The importation rule is based on a plan announced by the FDA and HHS in July.

The administration’s newly issued blueprint would provide two pathways to allow for the importation of drugs. The first, released as a proposed rule, would enable states, along with wholesalers and pharmacies, to develop programs to purchase certain brand-name prescription drugs from Canada, where they are cheaper because a federal body sets a price ceiling for patented drugs. Those plans would require U.S. federal approval.

Under this option, states could not import more complex – and often more expensive – medications, such as biologic drugs, intravenous drugs, products injected in the spinal column or eye, or controlled substances. Any medications that are imported must be approved by Canadian regulators and meet all U.S. standards, undergo testing in the United States to ensure authenticity and demonstrate they will result in significant cost savings.

The second pathway, issued as a draft “guidance” that is likely to go into effect sooner, would allow drug manufacturers to import to the United States cheaper versions of their medications from any country under certain conditions. Many experts doubt most pharmaceutical companies would choose to do so.

In November, Canada’s acting ambassador to the United States, Kirsten Hillman, met with White House Domestic Policy Council Director Joe Grogan and HHS officials. Hillman said in a statement then that she told officials “it is important to recognize that Canada’s market for pharmaceuticals is too small to have any real impact on U.S. drug prices,” noting that Canada represents 2% of global pharmaceutical consumption compared with the United States’ 44%.
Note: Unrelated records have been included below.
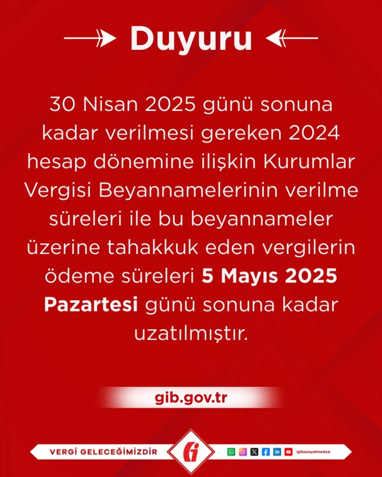 Gelir İdaresi Başkanlığı (GİB), 2024 yılı hesap dönemine ait Kurumlar Vergisi beyannamelerinin verilme ve ödeme süreleri ile e-Defter ve berat dosyalarının oluşturulma, imzalanma ve yüklenme sürelerini uzattı.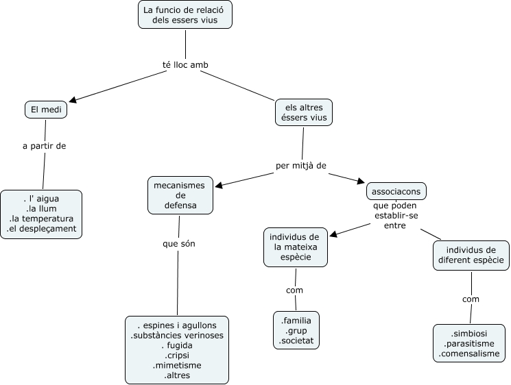Aquest mapa conceptual conté informació relacionada amb: Funció de relació essers vius 2, El medi a partir de . l' aigua .la llum .la temperatura .el despleçament, individus de la mateixa espècie com .familia .grup .societat, associacons que poden establir-se entre individus de la mateixa espècie, els altres éssers vius per mitjà de associacons, individus de diferent espècie com .simbiosi .parasitisme .comensalisme, mecanismes de defensa que són . espines i agullons .substàncies verinoses . fugida .cripsi .mimetisme .altres, La funcio de relació dels essers vius té lloc amb El medi, els altres éssers vius per mitjà de mecanismes de defensa, La funcio de relació dels essers vius té lloc amb els altres éssers vius, associacons que poden establir-se entre individus de diferent espècie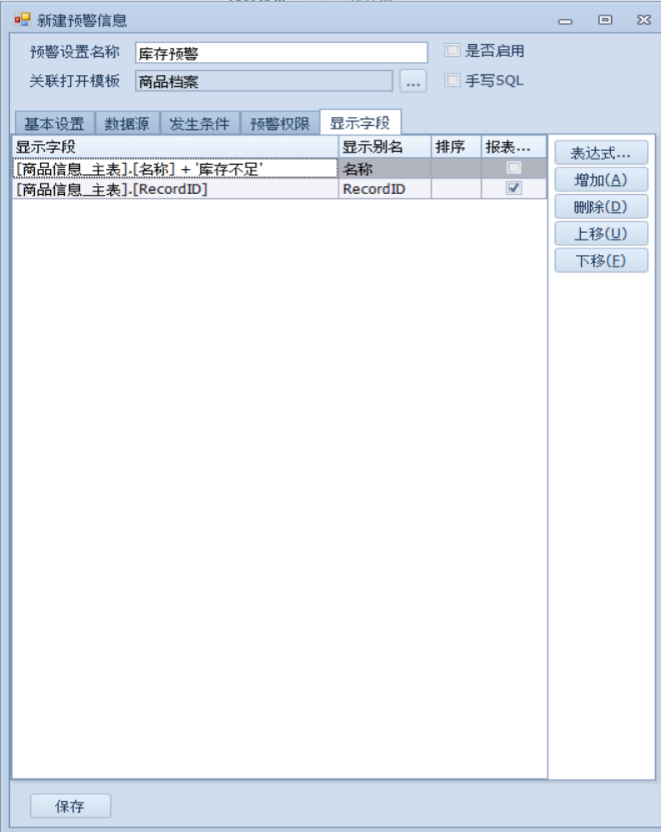 在预警消息列表中就可以通过勾选的报表标识链接到对应的单据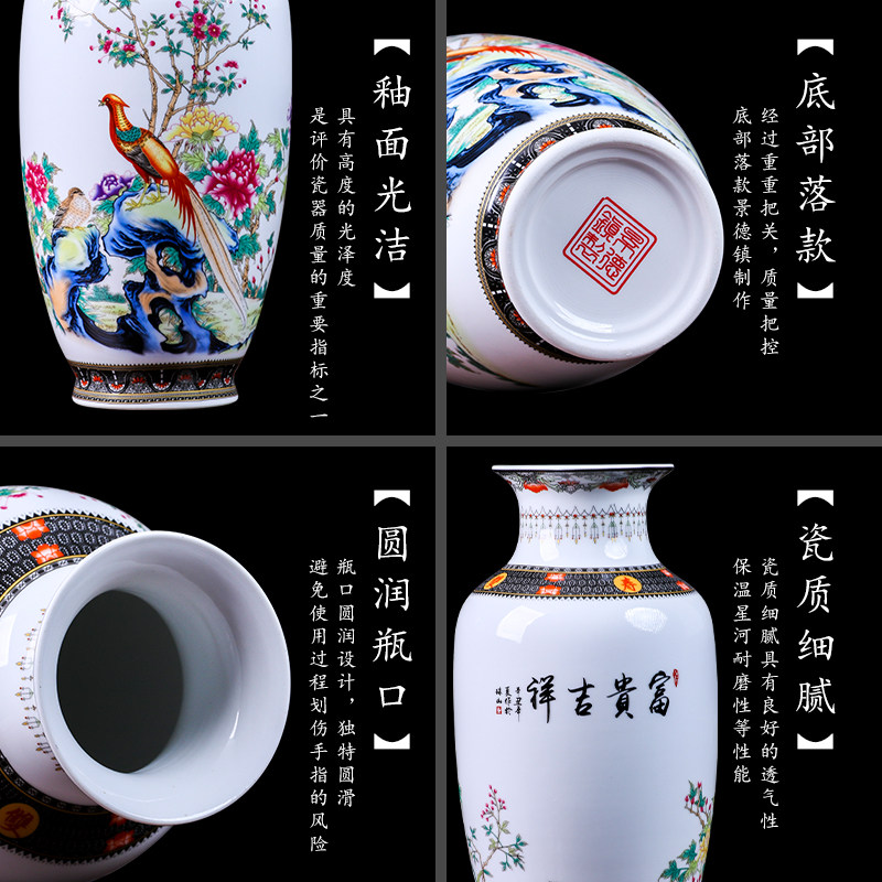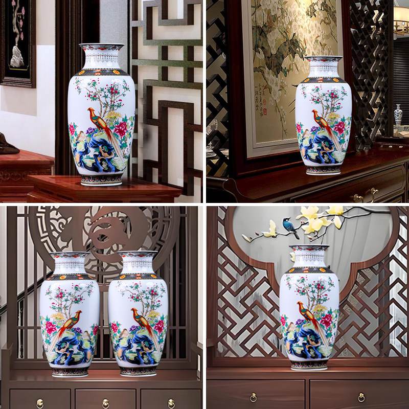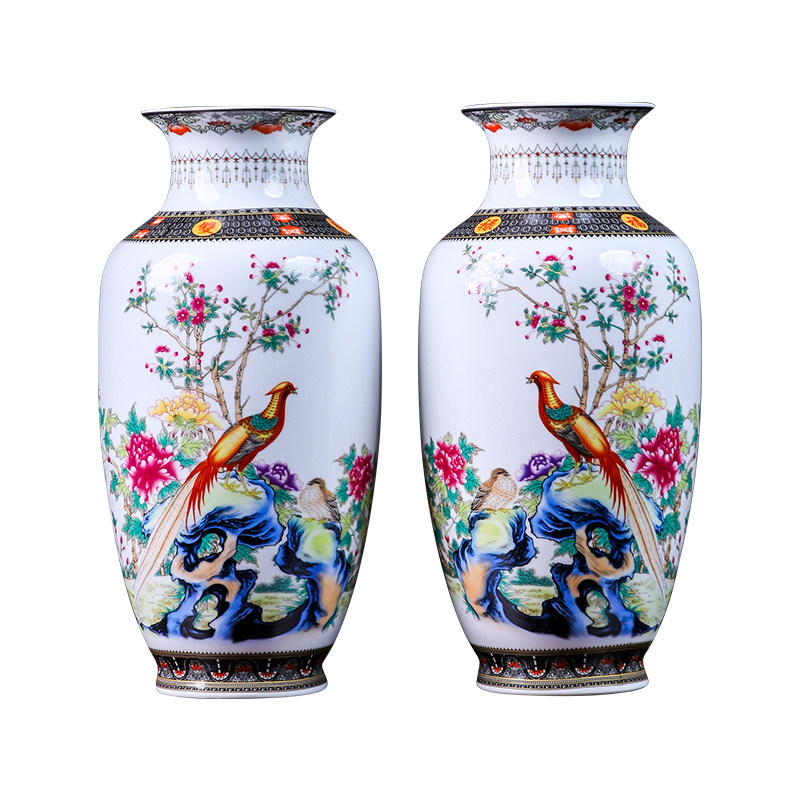 📚 景德镇陶瓷器锦鸡对瓶花瓶摆件客厅插花装饰品新中式家居养富贵竹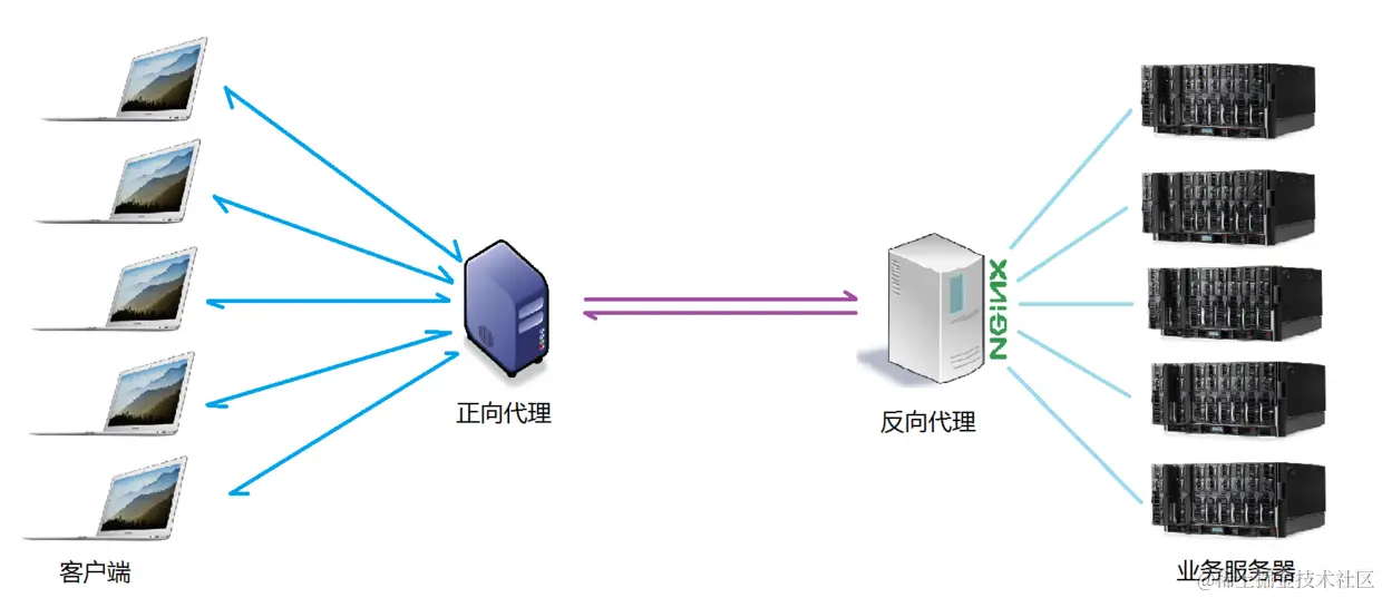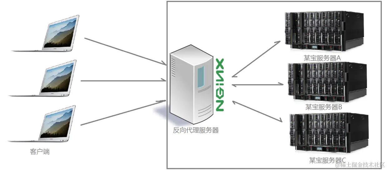 通过上述的图解大家就可以看清楚了,多个客户端给服务器发送的请求,nginx服务器接收到之后,按照一定的规则分发给了后端的业务处理服务器进行处理了。此时~请求的来源也就是客户端是明确的,但是请求具体由哪台服务器处理的并不明确了,nginx扮演的就是一个反向代理角色

Just last year, Azar dismissed the idea of importation as a “gimmick” because he said it would be difficult to ensure counterfeit drugs from other countries are not routed through Canada. But he said Tuesday that the administration’s plan would not “put patients or our drug supply chain at risk.”

In the 2003 law that created a drug benefit for Medicare beneficiaries, Congress included a provision allowing the importation of limited types of drugs from Canada if the secretary of health and human services certified it wouldn’t pose safety risks and would result in significant cost savings. No HHS secretary has ever made such a certification.

The pharmaceutical industry has fiercely pushed back against the administration’s importation proposals, and in July called it a “scheme” with “no way to guarantee the safety of drugs that come into the country from outside the United States’ gold-standard supply chain.”

Former FDA Commissioner Scott Gottlieb, a longtime opponent of importing drugs, raised safety questions about the importation plan on Twitter Tuesday night, but struck a different tone on Wednesday. “On close review,” he tweeted, the proposed rule “places stringent conditions on the importation of drugs.” He added, “While it may sharply limit Canadian drugs under this framework, it maintains critical FDA safeguards to protect consumers.”